Legacy and Influence
What Tobin has built over 20-plus years is something UK broadcasting doesn’t produce very often: a weather presenter who is also a working scientist with serious professional credentials.
The FRMetS fellowship, awarded in 2021, confirmed what her colleagues in meteorology already knew. She came up through the Met Office and the RAF. She didn’t become a TV personality first and learn the science second – the sequence ran the other way, and it shows in how she handles complex stories on live television.
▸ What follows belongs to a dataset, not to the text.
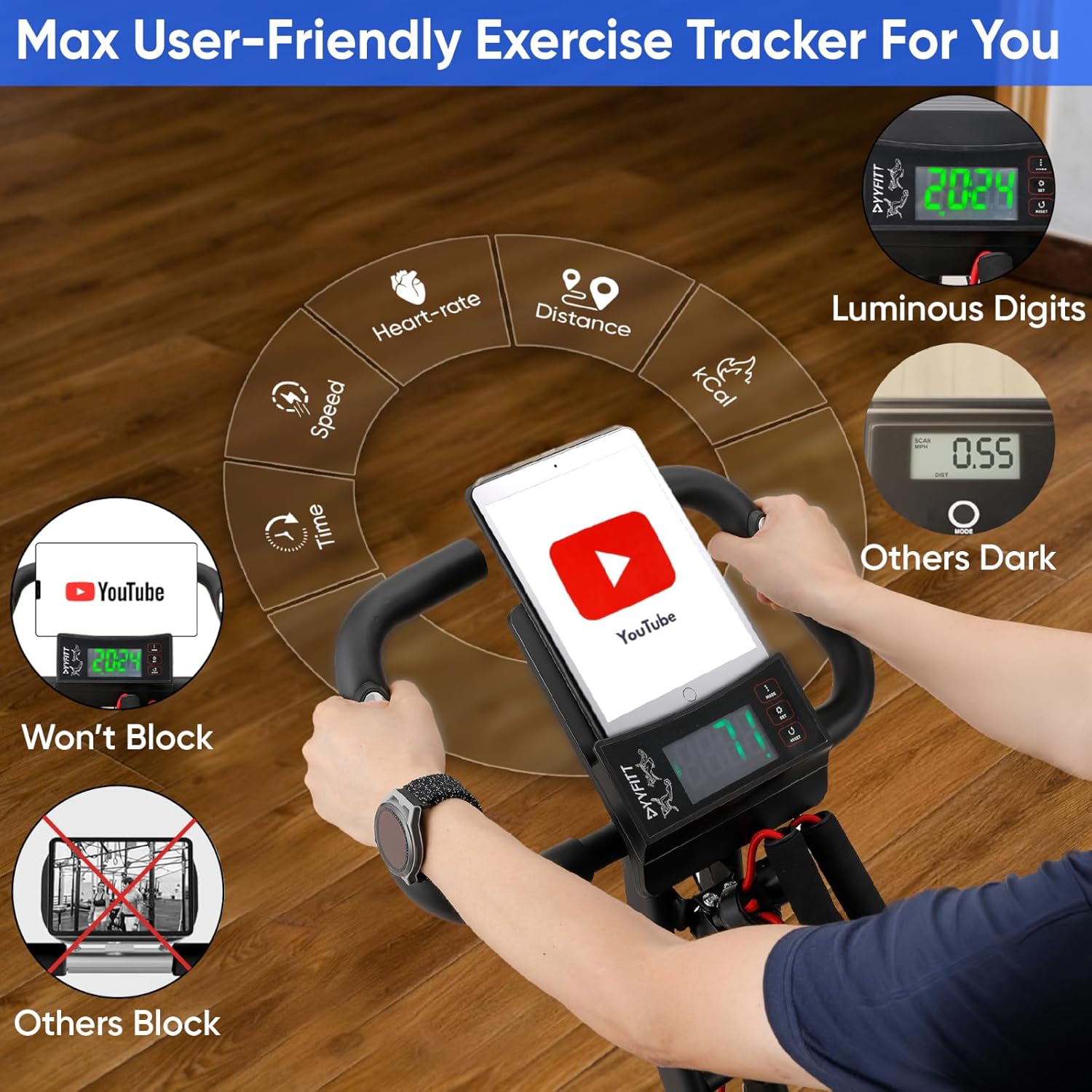 Unique Adjustable Show:Adjustable angle, you’ll be able to all the time in a position to alter to probably the most appropriate viewing angle in upright or recumbent sort; This show has 2 items design, you’ll be able to monitor your biking course of whereas use pill

Her approach to climate communication – patient, evidence-based, willing to meet sceptics where they are rather than dismissing them – has influenced how other science communicators think about public engagement. Meanwhile, she’s been on GMB since day one in April 2014. Over a decade of consistent, credible presence on one of the UK’s highest-viewership morning programmes. That kind of tenure is rare, and it’s earned.
Frequently Asked Questions
How old is Laura Tobin?
Laura Tobin was born on 10 October 1981. She is 44 years old as of 2026.
Who is Laura Tobin’s husband?
Laura Tobin is married to Dean Brown. They met at the University of Reading, got engaged in Berlin in December 2009, and married on 13 August 2010. Dean maintains a private life.
Does Laura Tobin have children?
Yes. She has one daughter named Charlotte, born prematurely in July 2017, approximately three months before her due date. Tobin has spoken publicly about the experience to raise awareness around neonatal care.
What is Laura Tobin’s net worth?
Estimates suggest her net worth sits between £1.5 million and £2.5 million as of 2026. Her primary income is her ITV salary, estimated at £150,000 to £300,000 annually, with additional earnings from public speaking, her book, and brand collaborations.
What qualifications does Laura Tobin have?
She holds a BSc in Physics and Meteorology from the University of Reading (2003), completed a World Meteorological Organization climate course, spent four years as an operational forecaster at the Met Office and RAF Brize Norton, and was awarded the Fellowship of the Royal Meteorological Society in 2021.
Has Laura Tobin written a book?
Yes. She published Everyday Ways to Save Our Planet in 2022 – a practical guide to sustainable living with over 200 eco-friendly swaps for everyday family life. The book is dedicated to her daughter Charlotte.
What awards has Laura Tobin won?
She received TRIC Award nominations for Weather Presenter in 2015 and 2017. In 2021, she was awarded the Fellowship of the Royal Meteorological Society – one of the most significant professional honours available to a UK meteorologist. She also holds a Guinness World Record for filling and folding 11 pancakes in 60 seconds, set during a live GMB segment in February 2017.